_Aim of the task:_
Would you reproduce exactly, and only, the lines starting at the one with "Garderoba przedpokój z" and ending at the last line of the data, with both included? Leave the pictures out.
====== Collected data
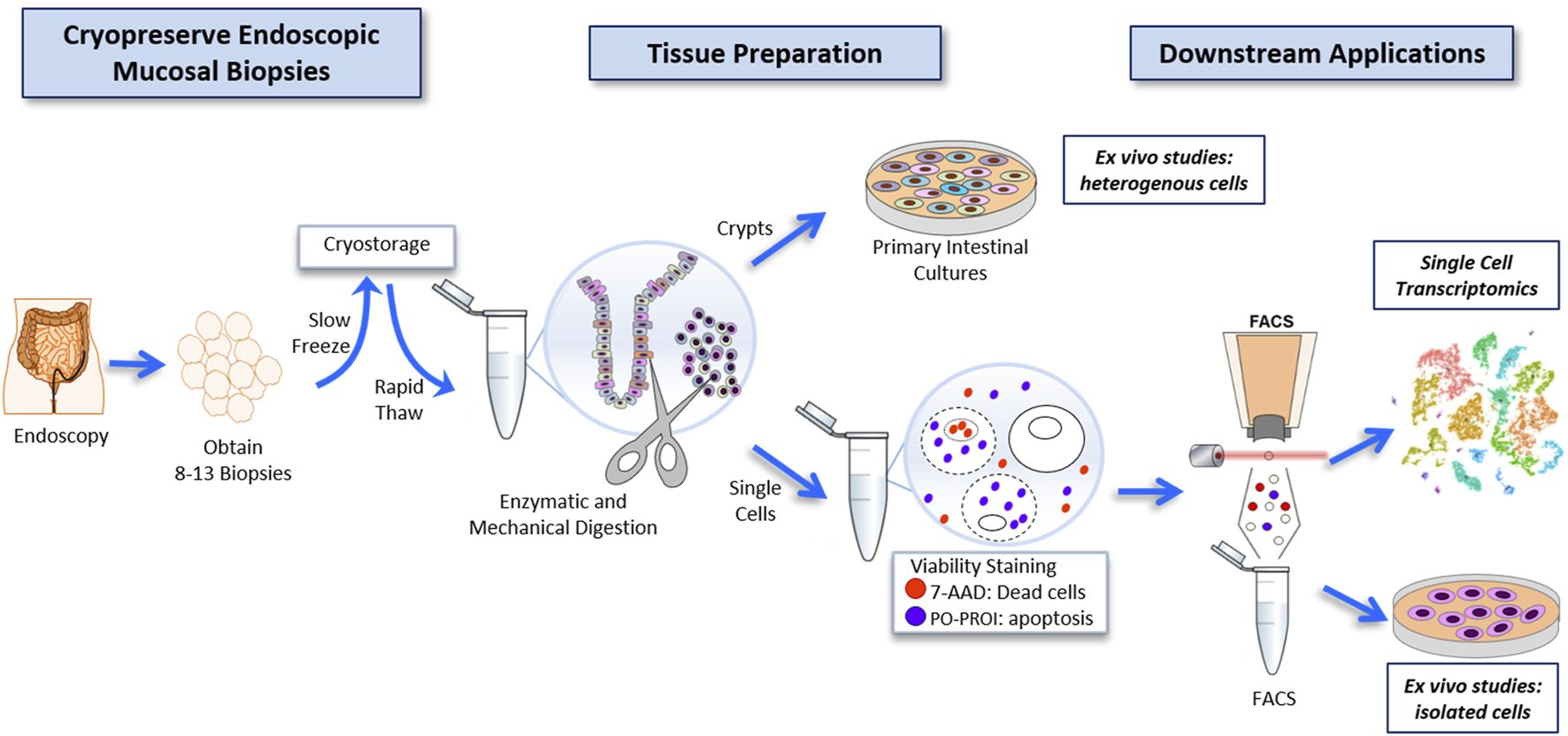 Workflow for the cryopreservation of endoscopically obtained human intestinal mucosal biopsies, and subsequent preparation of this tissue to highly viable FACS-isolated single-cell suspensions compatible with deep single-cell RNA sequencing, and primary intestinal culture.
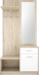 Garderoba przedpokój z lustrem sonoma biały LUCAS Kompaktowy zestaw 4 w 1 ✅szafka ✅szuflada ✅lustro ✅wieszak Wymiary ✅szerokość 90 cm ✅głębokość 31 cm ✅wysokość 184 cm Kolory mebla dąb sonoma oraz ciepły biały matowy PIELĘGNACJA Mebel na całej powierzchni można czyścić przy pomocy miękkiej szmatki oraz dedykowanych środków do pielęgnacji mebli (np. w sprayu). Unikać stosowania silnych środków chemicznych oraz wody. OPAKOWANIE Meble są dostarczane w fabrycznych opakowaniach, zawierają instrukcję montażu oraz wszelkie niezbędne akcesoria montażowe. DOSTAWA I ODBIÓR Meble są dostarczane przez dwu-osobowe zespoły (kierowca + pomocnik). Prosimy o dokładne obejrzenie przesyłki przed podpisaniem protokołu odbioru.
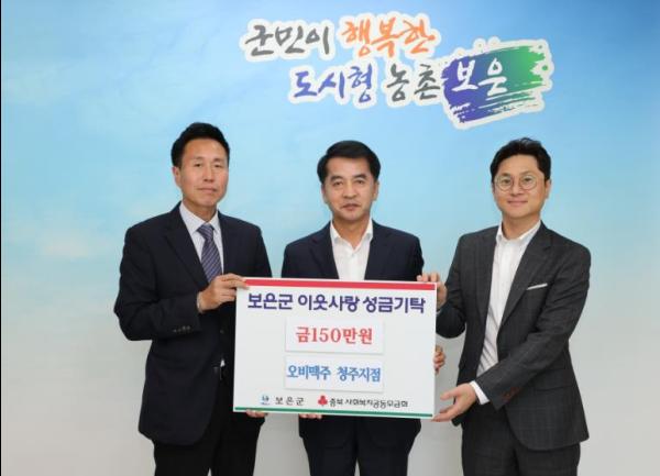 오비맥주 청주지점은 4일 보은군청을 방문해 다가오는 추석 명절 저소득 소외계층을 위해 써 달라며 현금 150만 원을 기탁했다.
============
_Task solution:_
 Garderoba przedpokój z lustrem sonoma biały LUCAS Kompaktowy zestaw 4 w 1 ✅szafka ✅szuflada ✅lustro ✅wieszak Wymiary ✅szerokość 90 cm ✅głębokość 31 cm ✅wysokość 184 cm Kolory mebla dąb sonoma oraz ciepły biały matowy PIELĘGNACJA Mebel na całej powierzchni można czyścić przy pomocy miękkiej szmatki oraz dedykowanych środków do pielęgnacji mebli (np. w sprayu). Unikać stosowania silnych środków chemicznych oraz wody. OPAKOWANIE Meble są dostarczane w fabrycznych opakowaniach, zawierają instrukcję montażu oraz wszelkie niezbędne akcesoria montażowe. DOSTAWA I ODBIÓR Meble są dostarczane przez dwu-osobowe zespoły (kierowca + pomocnik). Prosimy o dokładne obejrzenie przesyłki przed podpisaniem protokołu odbioru.
 오비맥주 청주지점은 4일 보은군청을 방문해 다가오는 추석 명절 저소득 소외계층을 위해 써 달라며 현금 150만 원을 기탁했다.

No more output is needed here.